— WHAT NEEDS TO BE DONE —
Your job is to print, exactly, the lines in the data below from the line with "Времена года (Три" through the line with "- itel A100C", both included, and to omit any picture.

— EXERCISE DATA —
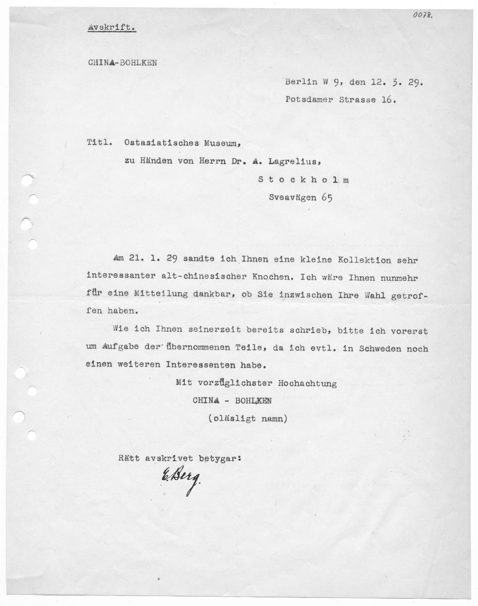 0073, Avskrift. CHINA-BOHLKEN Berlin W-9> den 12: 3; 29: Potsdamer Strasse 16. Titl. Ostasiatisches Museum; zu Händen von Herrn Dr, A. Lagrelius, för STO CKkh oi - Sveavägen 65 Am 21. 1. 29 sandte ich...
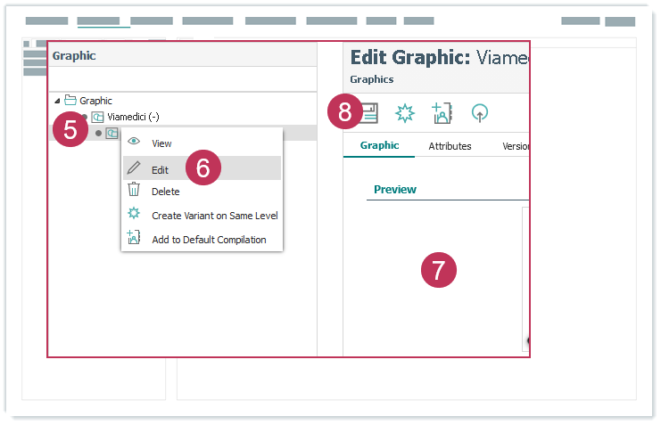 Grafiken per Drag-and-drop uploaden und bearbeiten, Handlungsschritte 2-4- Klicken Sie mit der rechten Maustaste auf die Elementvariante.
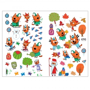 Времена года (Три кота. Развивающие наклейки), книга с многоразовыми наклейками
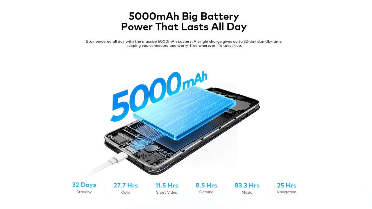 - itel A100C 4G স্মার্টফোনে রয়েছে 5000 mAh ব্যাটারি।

---

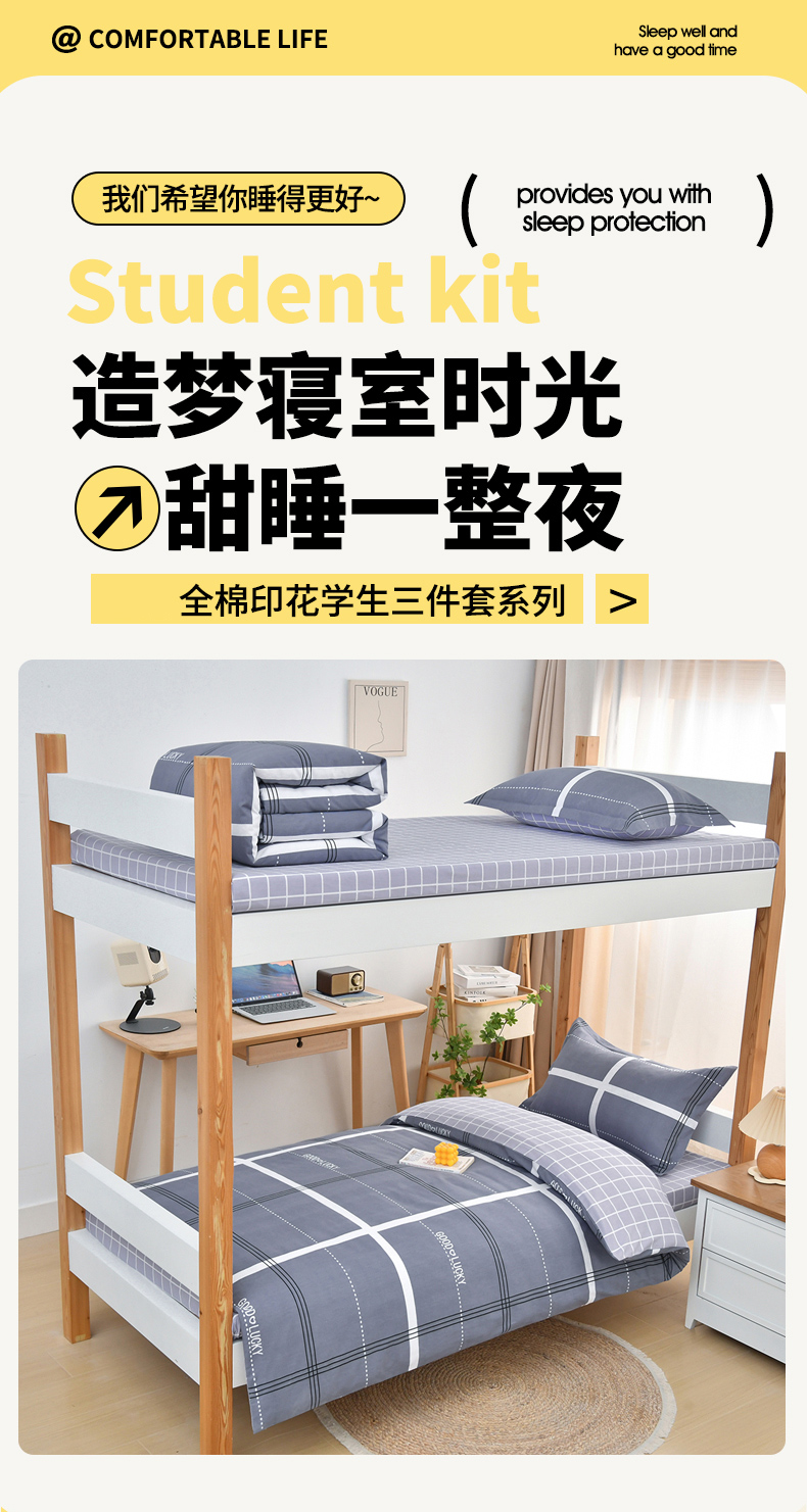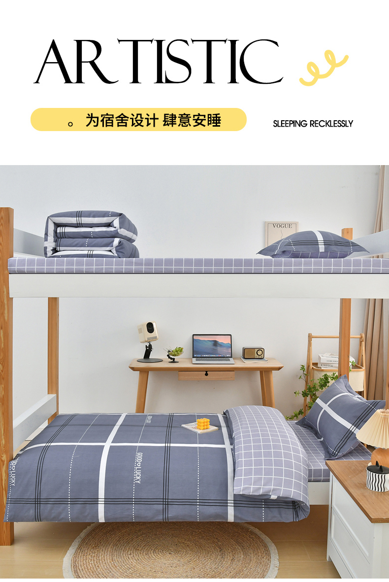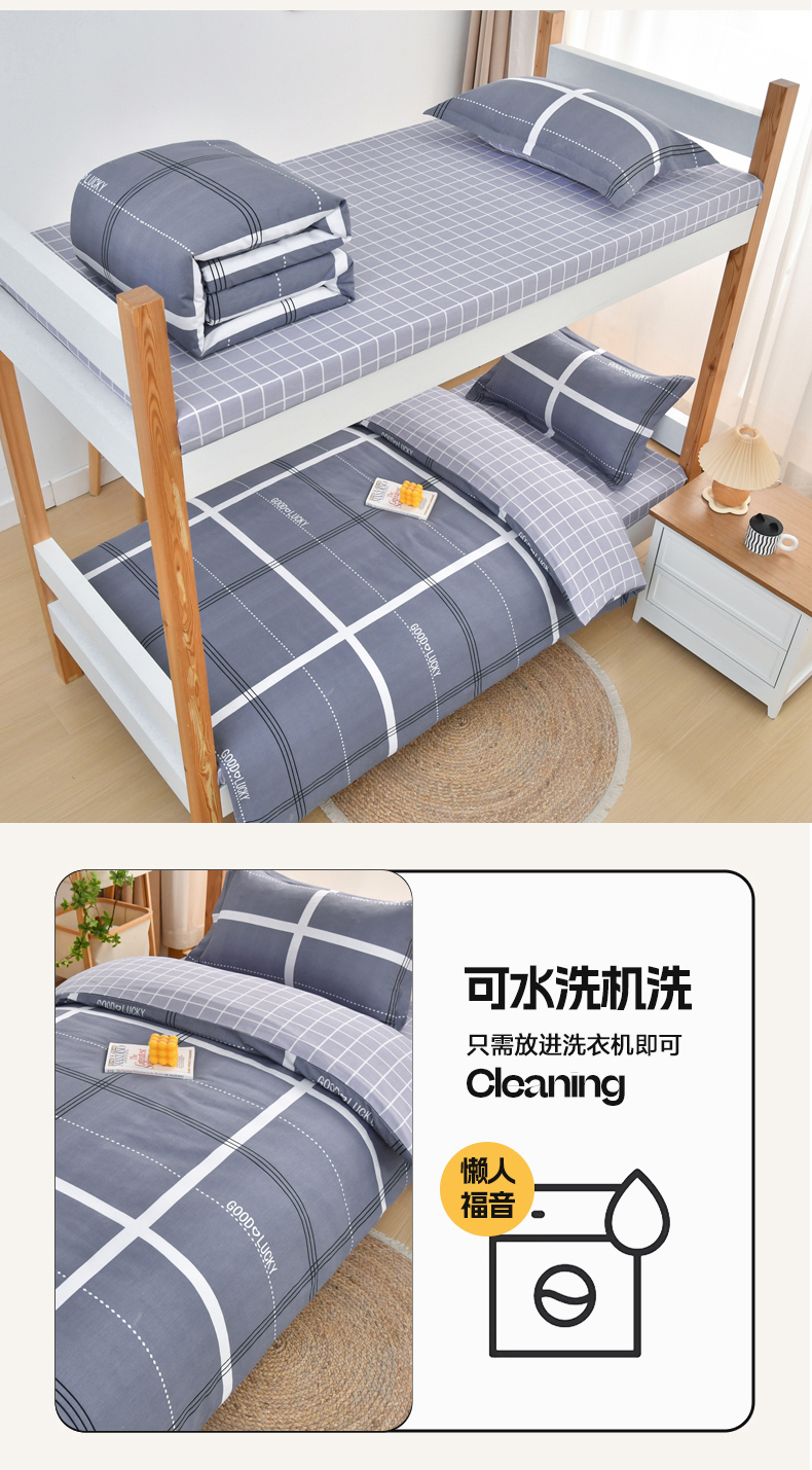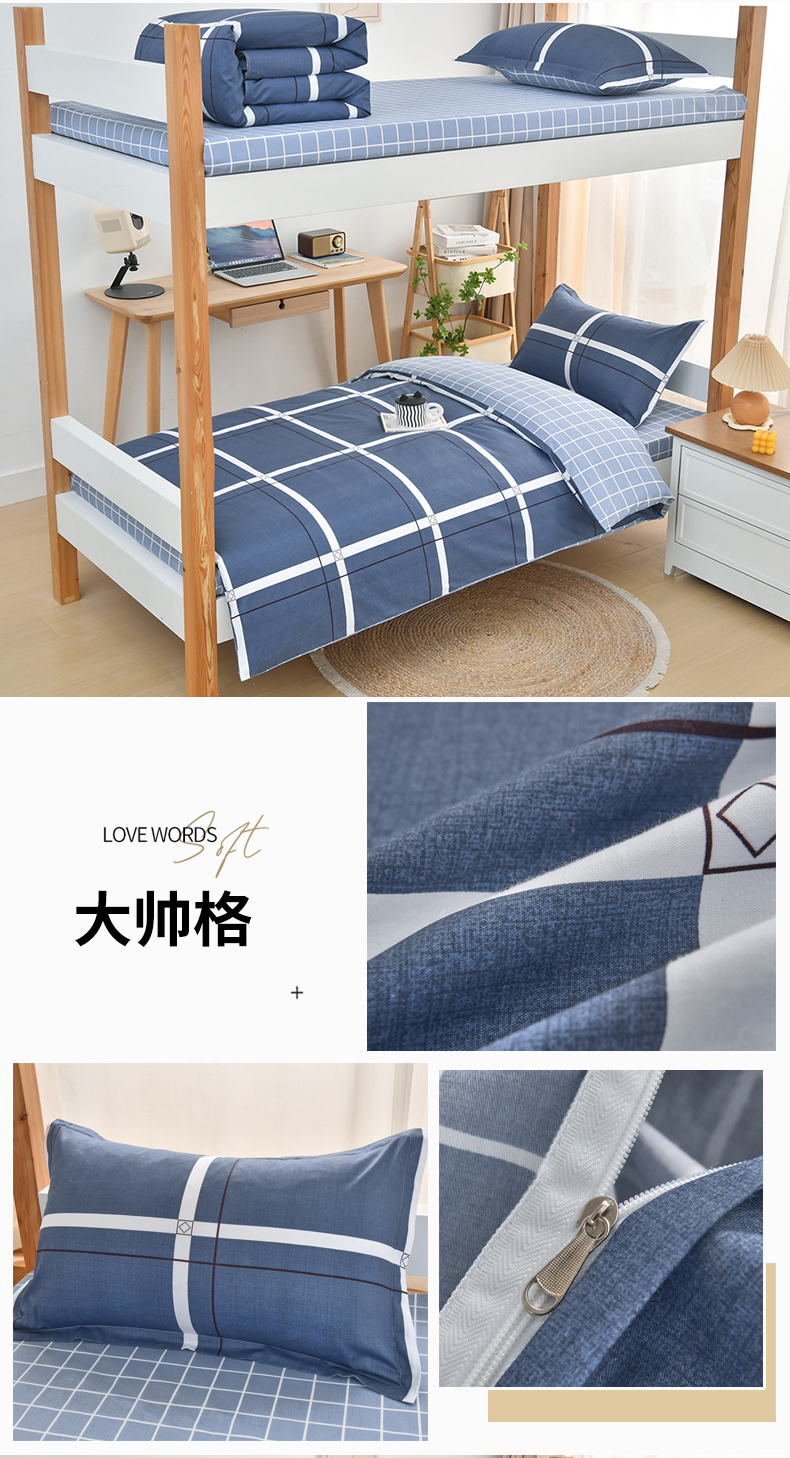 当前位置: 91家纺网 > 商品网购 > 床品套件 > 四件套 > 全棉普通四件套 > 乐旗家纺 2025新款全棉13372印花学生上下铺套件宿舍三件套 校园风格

— SOLUTION FOR THIS EXERCISE —
 Времена года (Три кота. Развивающие наклейки), книга с многоразовыми наклейками
 - itel A100C 4G স্মার্টফোনে রয়েছে 5000 mAh ব্যাটারি।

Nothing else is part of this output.